_What the exercise asks_
Copy out exactly the lines spanning the line with "Maybrat – Peduli" to the line with "Она согрешила приблизительно", inclusive, from the data underneath, with no pictures.

_Dataset section_

*** Block opens ***

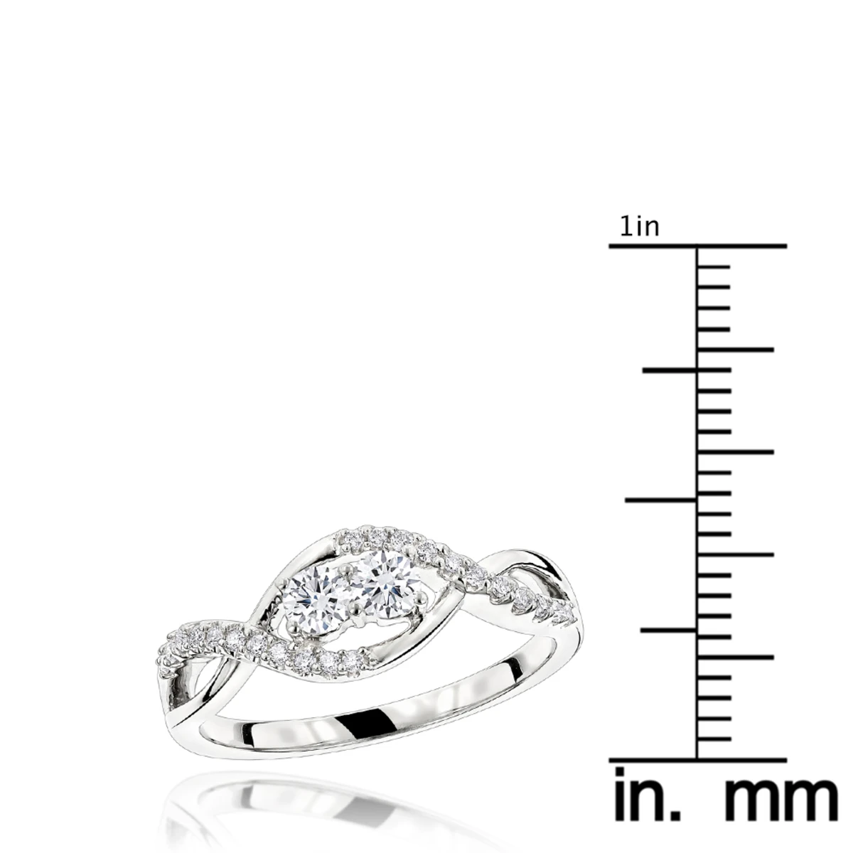Unique 14K White Gold 2 Stone Diamond Infinity Ring For Women By Luxurman 0.4ct
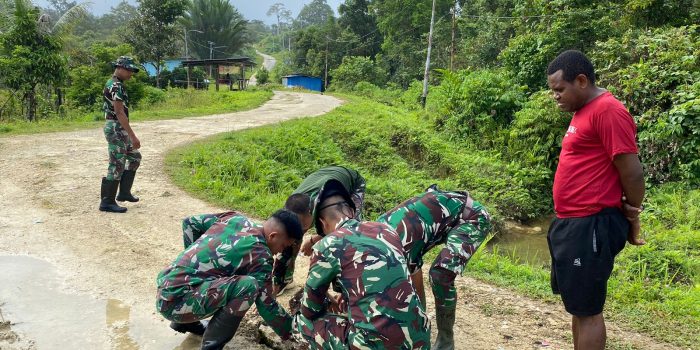Maybrat – Peduli dengan akses jalan yang sering dilalui warga, Satgas Pamtas RI-PNG Kewilayahan Papua Barat Daya Yonif 762/VYS Pos Bori menggelar kegiatan perbaikan jalan di Kampung Bori, Distrik Aifat, Kabupaten Maybrat. Minggu (02/02/2025)
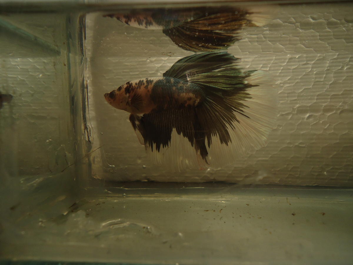 Она согрешила приблизительно на 15%)))) имел ввиду длинноплавничных. Не смотря на то что родители оба ХМ, 40% приплода не имеет полумесяца.
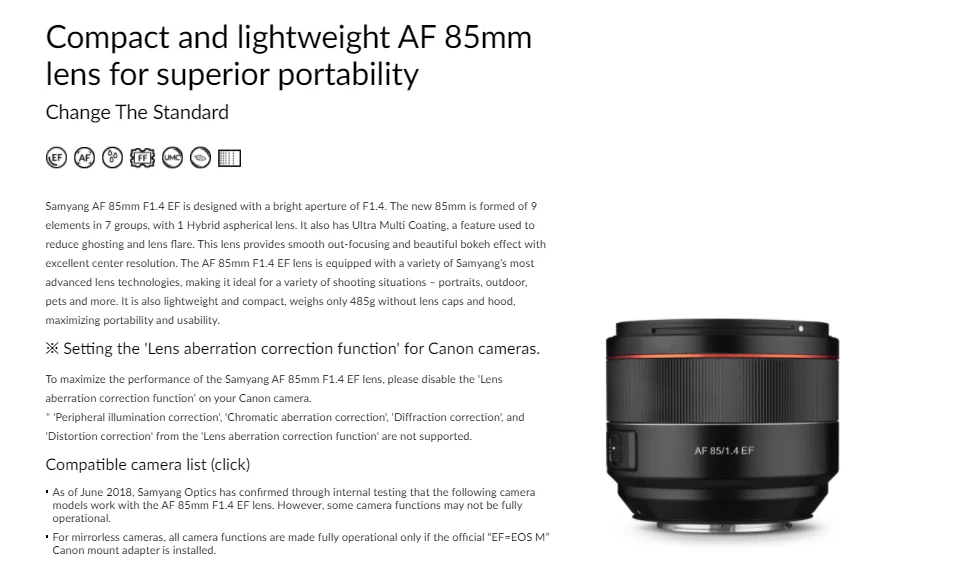 Смешивание фокусного расстояния с быстрым дизайном,Samyang AF 85 мм f/1,4 EFОбъектив Canon EF-mount хорошо подходит для портретной съемки. Его яркая максимальная диафрагма f/1,4 обеспечивает широкий контроль над глубиной поля для использования селективного фокуса, а также превосходит светильник в условиях низкой освещенности. Оптическая конструкция имеет Гибридный асферический элемент, который контролирует искажения и сферические аберрации для получения большей четкости и четкости во всем диапазоне диафрагмы. Отдельные элементы также обладают ультрамногослойным покрытием для подавления бликов и привидения для улучшения контрастности в различных условиях освещения. Преимущество оптики, объектив также имеет Ультразвуковой Двойной линейный электродвигатель для автофокуса для быстрой и точной фокусировки. Кроме того, закругленная диафрагма с девятью лезвиями помогает достичь приятного качества боке.

*** Block closes ***

_Exercise output_
Maybrat – Peduli dengan akses jalan yang sering dilalui warga, Satgas Pamtas RI-PNG Kewilayahan Papua Barat Daya Yonif 762/VYS Pos Bori menggelar kegiatan perbaikan jalan di Kampung Bori, Distrik Aifat, Kabupaten Maybrat. Minggu (02/02/2025)
 Она согрешила приблизительно на 15%)))) имел ввиду длинноплавничных. Не смотря на то что родители оба ХМ, 40% приплода не имеет полумесяца.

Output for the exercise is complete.